Yunai stated that as tokenization matures, the most strategic position belongs to platforms that control trust, distribution, and liquidity. He said, "The most value will go to the platforms that control trust, distribution, and liquidity." According to Yunai, the winners will not necessarily be the companies that tokenize the most assets, as issuance is only one part of the market. He explained that the more defensible opportunity is building trusted financial networks around tokenized assets that connect asset originators, investors, custodians, compliance systems, pricing data, market venues, and reporting infrastructure. Yunai stated that these networks need to provide confidence that the tokenized asset is real, enforceable, compliant, and usable.

Yunai said, "Success is not only trillions of dollars tokenized. That number will come if the infrastructure is built correctly." He stated that a more meaningful sign of progress would be deep secondary markets, institutional-grade standards, global investor access, transparent reporting, and tokenized assets becoming part of everyday financial infrastructure. Yunai said, "The goal is not just to tokenize the old financial system. The goal is to build a better one."

FAQ

What did Kevin Yunai say about RWA platforms?

Kevin Yunai, founder and CEO of RWA Inc, said platforms must build liquidity and full market infrastructure to unlock value in the real-world asset tokenization sector. He stated that simple tokenization alone does not create the liquidity, investor demand, or institutional confidence needed for the market to function effectively.

What infrastructure does Kevin Yunai say the RWA industry needs?
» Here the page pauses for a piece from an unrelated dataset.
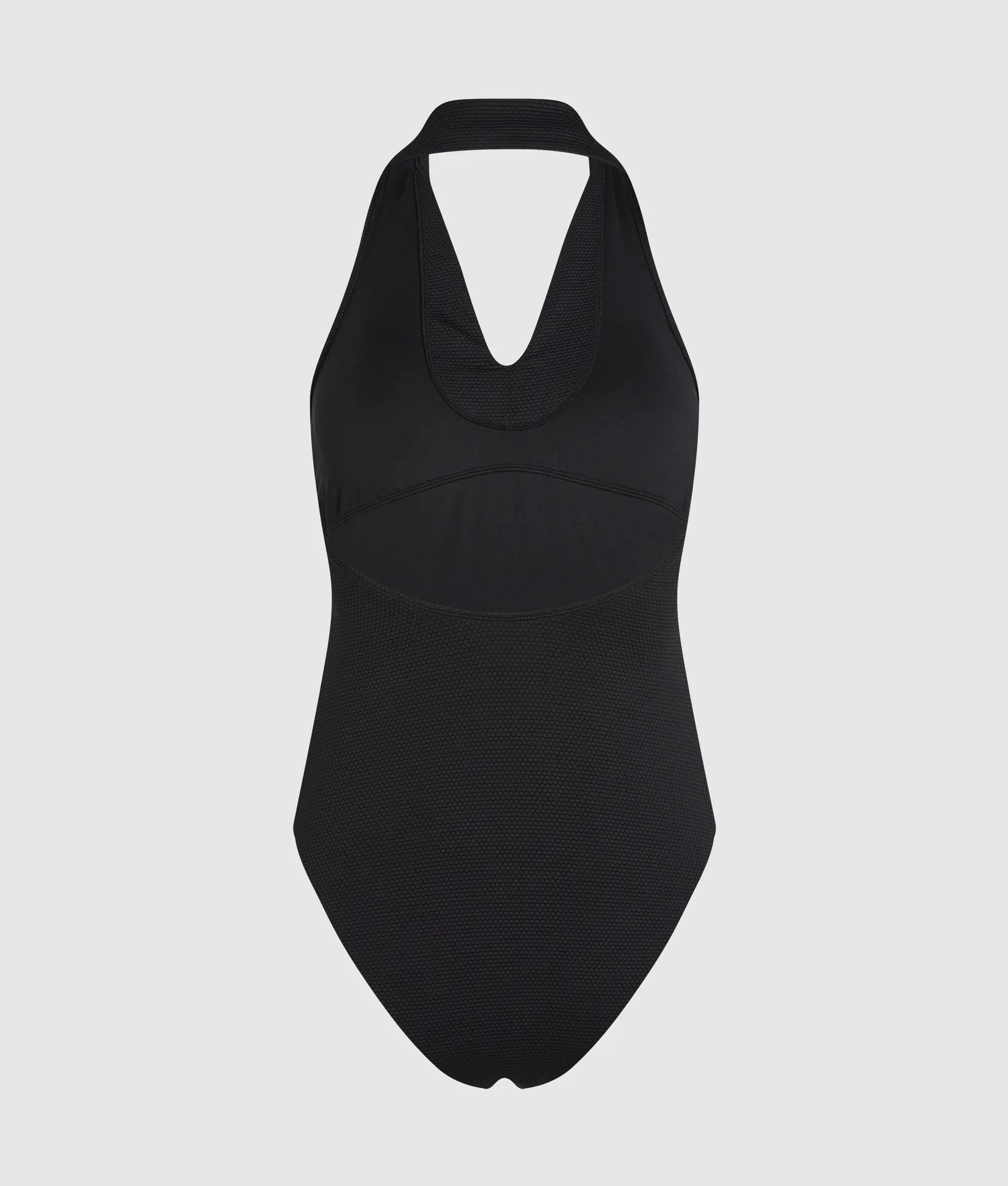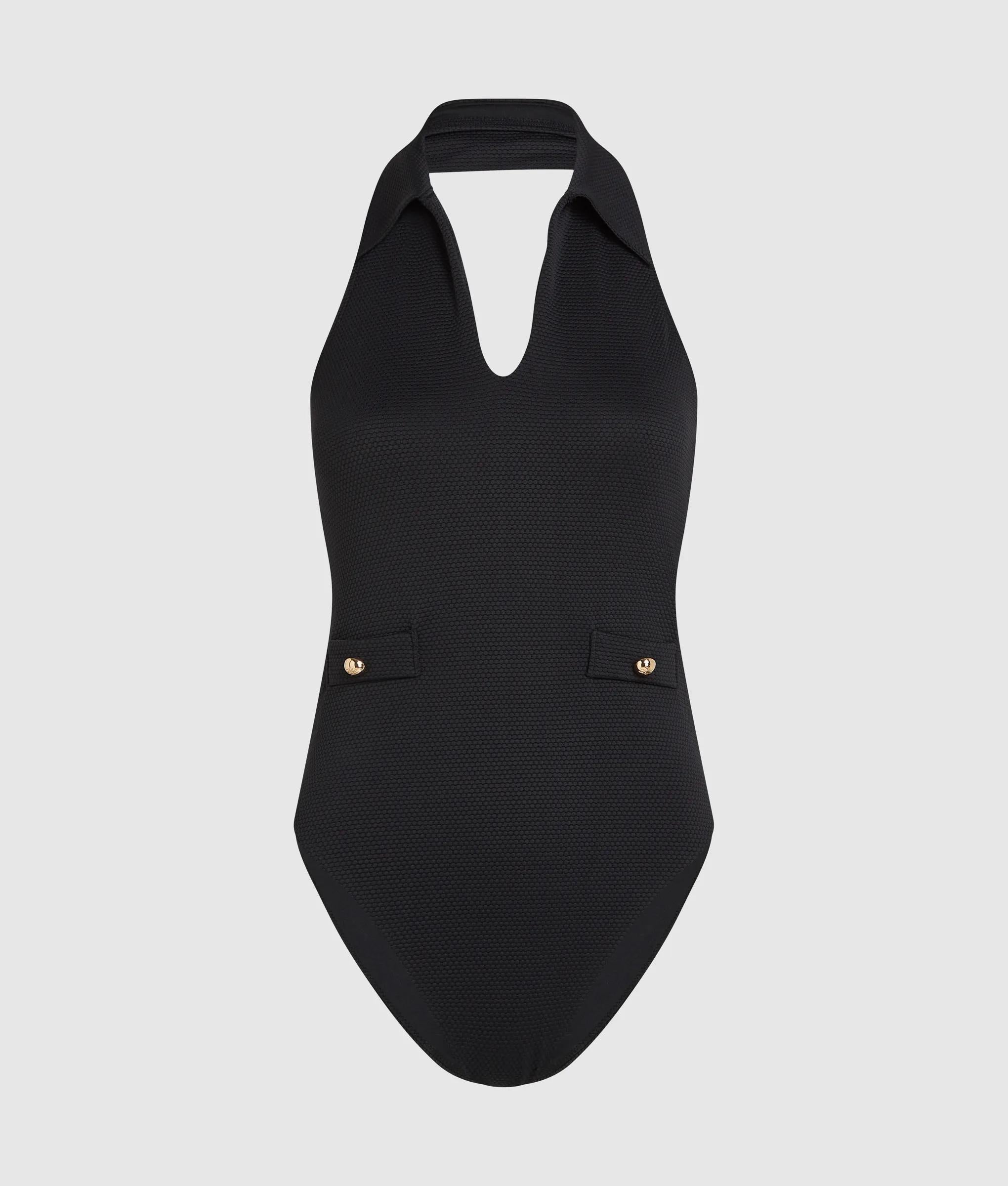 A halterneck swimsuit elevated by a sharp collar detail at the plunging V-neck, echoing Karl Lagerfeld’s iconic style. High-cut and sleek, it’s finished with gold-buttoned welt pockets for subtle luxury.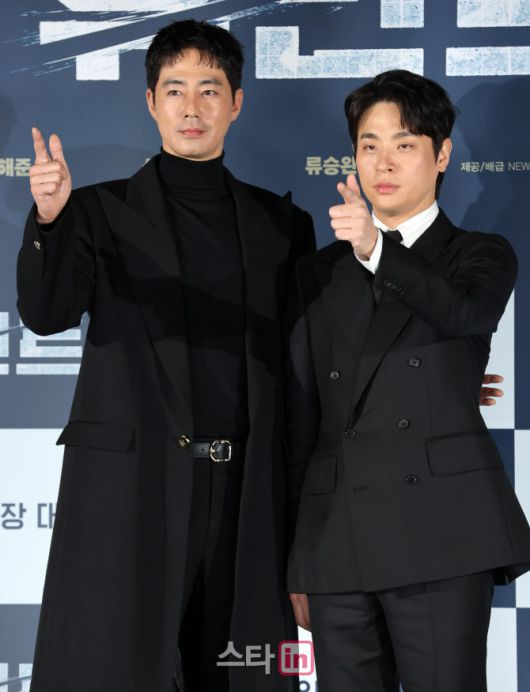 [이데일리 스타in 방인권 기자] 배우 조인성(왼쪽)과 박정민이 12일 서울 광진구 롯데시네마 건대점에서 열린 영화 '휴민트' 제작보고회에 참석해 포토타임을 갖고 있다.

Yunai said the industry needs full market infrastructure including regulated secondary markets, reliable market makers, standardized disclosures, trusted custody, verified pricing, interoperable compliance, identity layers, institutional settlement, and clear redemption mechanics. He stated that liquidity is created by trust, standards, distribution, and market depth rather than by minting a token.

What standards does Kevin Yunai say institutions require for RWA adoption?

Yunai stated the market needs clear standards around asset verification, custody, legal enforceability, valuation, disclosures, audits, compliance, KYC and AML controls, transfer restrictions, redemption rights, and ongoing reporting. He said institutions need to be able to evaluate tokenized assets in the same disciplined way they evaluate traditional financial products.